Judge rules Obamacare unconstitutional
A federal judge in Texas has ruled that, due to changes in tax law last year that repealed the individual mandate to buy Obamacare insurance, the entire Affordable Care Act is unconstitutional.
The bombshell ruling by Judge Reed O'Connor will be appealed, and Obamacare will remain in effect during that process.
President Trump took to Twitter on Friday night to tout the judge's ruling while calling on congressional leaders to work on a new law, despite the chances of Congress passing a replacement law that both parties can agree being essentially zero.
"Now Congress must pass a STRONG law that provides GREAT healthcare and protects pre-existing conditions. Mitch and Nancy, get it done!" Trump tweeted, referring to Senate Majority Leader Mitch McConnell (R-Ky.) and expected incoming House Speaker Nancy Pelosi (D-Calif.).
O'Connor, an appointee of President George W. Bush, acknowledged in his ruling that health care is a "politically charged affair – inflaming emotions and testing civility."
But he added courts "are not tasked with, nor are they suited to, policymaking." Instead, he said they must determine what the Constitution requires. In this, case [sic] O'Connor said the Constitution does not allow the mandate to stand.
The 2012 Supreme Court ruling declared that the mandate was a tax. But last year, Congress repealed the penalty for not buying insurance. The judge ruled that this means that the mandate is no longer a tax, and since the mandate cannot be separated from the entire ACA, the law itself is unconstitutional.
Legal experts in both parties have denounced that argument, saying it is obvious that Congress wanted the rest of the Affordable Care Act to remain when it repealed only the mandate penalty last year.

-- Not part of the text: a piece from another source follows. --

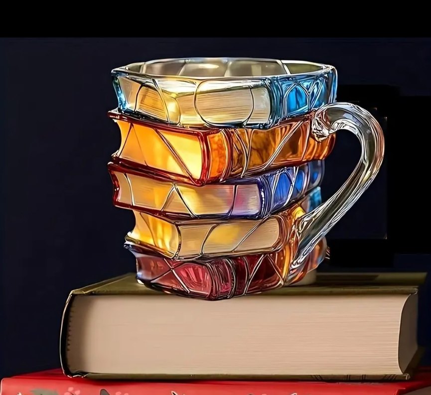 Renkli Desenli Cam Kupa kitap fincan

Democrats accused the judge of waiting until after the election to issue the ruling, saying he knew striking down the law before the election would harm Republicans.
The court case, brought by 20 GOP-led states, was at the center of this year's campaign after Democrats attacked Republicans for supporting the lawsuit and seeking to overturn ObamaCare's protections for pre-existing conditions.
The Trump administration, in a rare move, declined to defend the law in court and instead argued the pre-existing condition protections should be overturned.
Nicholas Bagley, a law professor at the University of Michigan, wrote on Twitter Friday night that he thinks the ruling does not prevent the Affordable Care Act from remaining in effect while the appeals process plays out, because there is no injunction from the court.
"Everyone should remain calm," he wrote.
The decision is an outlier, but it gives Congress an opportunity to redraw the entire ACA – without the insurance mandate or mandatory coverage that make policies so expensive. There is bipartisan sentiment to save the pre-existing conditions mandate, but beyond that, there is little the two sides agree upon.
From what we've seen over the years from the federal courts, this decision is likely to be reversed. But it is still an important statement that upholds constitutional principles – something that should have happened in 2012, when Chief Justice John Roberts inexplicably sided with liberal judges in upholding the mandate.
I can't think of a government program that has failed so spectacularly to live up to the promises made by its supporters in Congress and the White House. But courts can't overturn a law based on how many lies were told to get it passed in the first place. Despite the ruling yesterday, we are likely to see Democrats try to "fix" Obamacare when they take power in the House in January. They may very well attempt to pass some form of "Medicare for All," which would cost $32 trillion over ten years. Now, more than ever, the power-grab by the federal government to take over private health insurance has to be stopped before the U.S. health care industry is destroyed.